Dr. Paola C. Rosas
TAMHSC Graduate student
Phone: 254-743-1215
Fax: 254-743-0247
Email: prosas@medicine.tamhsc.edu

Education
1995 - Pharmacy and Biochemistry from Universidad Catolica Santa Maria, Peru
2000 - M.D. (equivalent) from Universidad Nacional de San Agustin, Peru

Summary of Research Interests
My project is focused on understanding the role of heat shock proteins in type 2 diabetes mellitus (T2DM). More than 220 million people worldwide have diabetes and T2DM comprises 90% of people with diabetes around the world. Despite dramatic advances in the generation of new drugs to treat insulin deficiency and insulin resistance; there remain a big gap in preventing and halting β-cell mass deficiency as a result of misfolded islet amyloid polypeptide hormone (amylin) which forms toxic aggregates that destroy pancreatic β-cells. Our primary goal is to explore the mechanisms of amylin toxicity and design new strategies of treatment using heat shock proteins as molecular chaperones.

It has been previously demonstrated that amylin oligomers are more toxic to pancreatic β-cells and precede the deposition of islet amyloid that is present at autopsy in 96% of patients with T2DM. The presence of hydrophobic residues increases the susceptibility of amylin to aggregation when unfolded or partially folded. We investigate the role of heat shock proteins (HSP), especially important are seventy- and ninety-kilo Dalton heat shock protein (Hsp72) and (Hsp90), respectively, in chaperoning amylin and preventing its toxic aggregation.

We have demonstrated that thermal stress significantly upregulates the expression of Hsp72 and Hsp90 in pancreatic β-cells and therefore prevents proteotoxicity due to amylin oligomerization by 10 to 25%. Taken together, these studies suggest that harnessing the heat shock response to offset the detrimental effects of amylin deposition and to prevent β-cell death is a worthwhile approach in the management of T2DM. To explore how amylin causes intracellular toxicity, we are generating a transgenic Caenorhabditis elegans that will express human amylin in different systems.
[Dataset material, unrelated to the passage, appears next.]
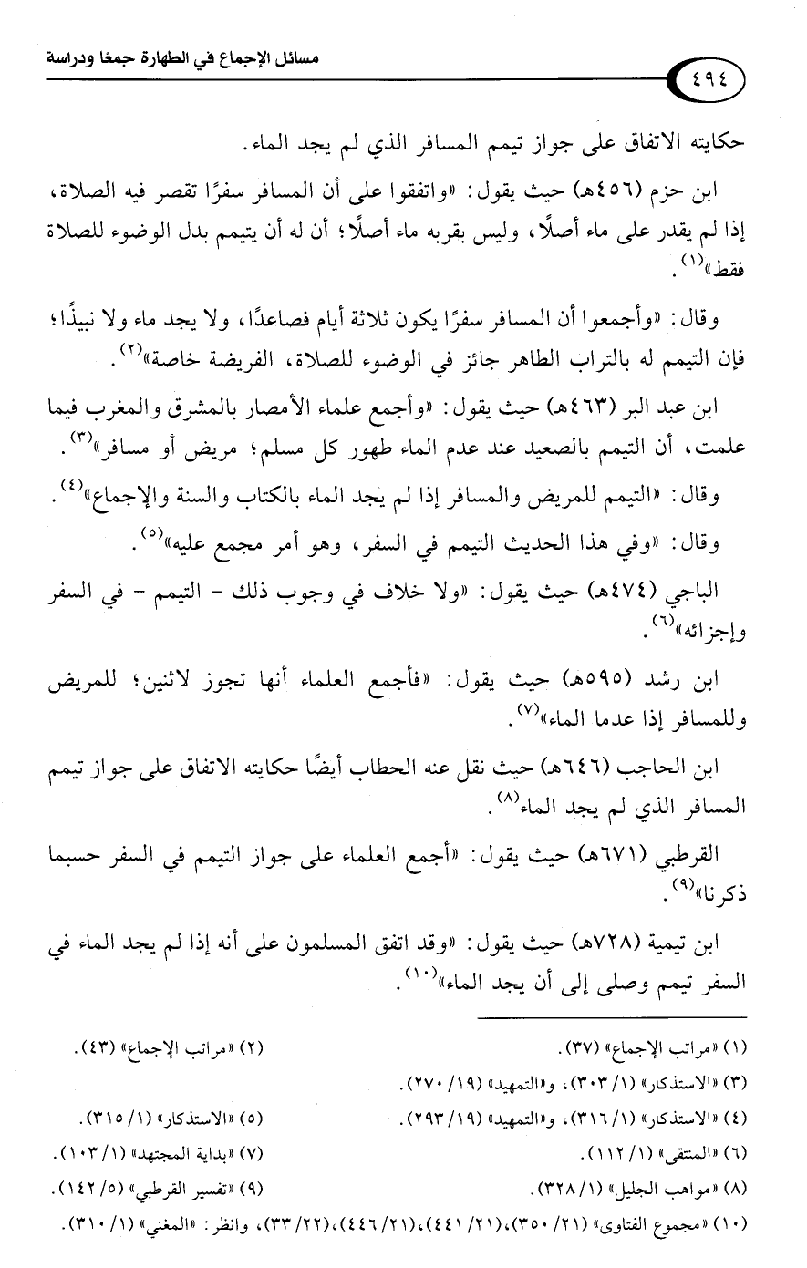 ابن تيمية (728 هـ) حيث يقول: "وقد اتفق المسلمون على أنه إذا لم يجد الماء في السفر تيمم وصلى إلى أن يجد الماء" (¬10).

We will evaluate the outcomes and phenotypes and will demonstrate the role of heat shock proteins in attenuating and/or preventing the toxic oligomerization of amylin.

Collaborations
We are currently generating the human amylin transgenic C. elegans model in collaboration with Dr. L.R. Garcia from the Department of Molecular and Cellular Medicine, Texas A&M.